Catheter and Ostomy Care
Catheter and ostomy care covers the skilled nursing services that maintain urinary catheters and bowel or urinary diversions in the home, including catheter changes, stoma assessment, pouching, and complication management. Medicare recognizes this care as inherently skilled, and it anchors many long-running home health episodes.
Why catheter and ostomy care counts as a skilled need
Medicare's Benefit Policy Manual treats the insertion and routine replacement of urinary catheters, including suprapubic catheters, as skilled nursing. Ostomy care qualifies when the patient needs post-operative teaching, has a new or complicated stoma, or develops skin breakdown or other complications. This matters operationally because a stable, scheduled skilled service such as a monthly catheter change can support home health eligibility on its own, as long as the patient also meets homebound and other criteria. Document the clinical reason the service requires a nurse: catheter type and size, difficulty of insertion, stoma condition, and any history of obstruction, infection, or leakage.
What visits typically involve
Common skilled interventions include:
- Changing indwelling or suprapubic catheters on the ordered schedule, often every 4 to 6 weeks
- Irrigating catheters when ordered for sediment or partial blockage
- Assessing the stoma and peristomal skin at each visit
- Changing and refitting pouching systems as the stoma matures or the abdomen changes
- Teaching the patient or caregiver emptying, appliance changes, and skin protection
- Monitoring for urinary tract infection, blockage, stomal retraction, prolapse, or peristomal hernia
Each note should tie the intervention to the order and record the patient's response.

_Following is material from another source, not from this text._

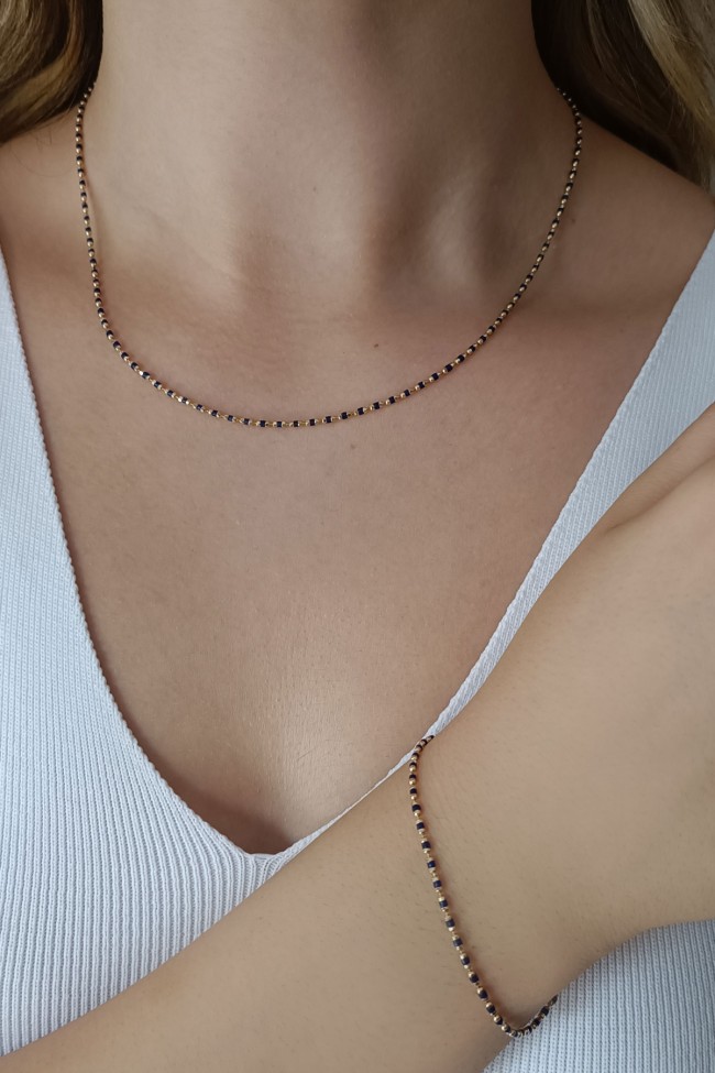 5.90 Gram Ağırlığında 14 Ayar Mineli Model El İşçiliği İle Özel Olarak Üretilen Altın İtalyan Tasarım Minimal Bileklik Kolye İkili Takım.

Coding, PDGM, and supplies
These patients usually fall into the Complex Nursing Interventions clinical grouping under PDGM, based on the principal diagnosis. Supplies are a real cost consideration: catheters, drainage bags, pouches, barriers, and related non-routine supplies are bundled into the home health payment under consolidated billing while the patient is on service, so the agency, not an outside supplier, provides them. Build supply costs into your per-episode economics and standardize your formulary. Accurate coding of the underlying condition, such as neurogenic bladder or the disease that led to the ostomy, supports both the clinical grouping and the comorbidity adjustment.
What good looks like
Strong programs pair a predictable visit cadence with a clear independence plan. For long-term catheter patients, the schedule should match the order, changes should rarely be missed, and every unplanned visit for a blocked or dislodged catheter should document the problem, intervention, and outcome. For ostomy patients, track teaching progression: who performs the pouch change, how the skin looks, and what barriers remain. Recertification narratives should explain why skilled care continues, especially for stable patients where the skilled need is the catheter change itself. Standing PRN orders for unscheduled catheter problems keep after-hours visits compliant and billable.
Frequently asked questions
Can a monthly catheter change alone keep a patient on home health?
Yes, if all other eligibility criteria are met. Medicare treats routine periodic catheter changes as skilled nursing, so a homebound patient under a plan of care can remain on service for scheduled changes. Documentation must still support homebound status and practitioner certification for each 60-day period.
Who pays for ostomy supplies while a patient is on home health?
The home health agency. Non-routine medical supplies, including ostomy pouches and skin barriers, are bundled into the PDGM payment under consolidated billing while the patient is under a home health plan of care. After discharge, the patient can obtain supplies through a Part B supplier.
Is ostomy teaching still skilled if the patient has had the ostomy for years?
Usually only if something has changed. A new complication, peristomal skin breakdown, a decline in the patient's ability to self-manage, or a new caregiver can re-establish the need for skilled teaching. Routine pouch changes for a stable, independent patient are not a skilled service.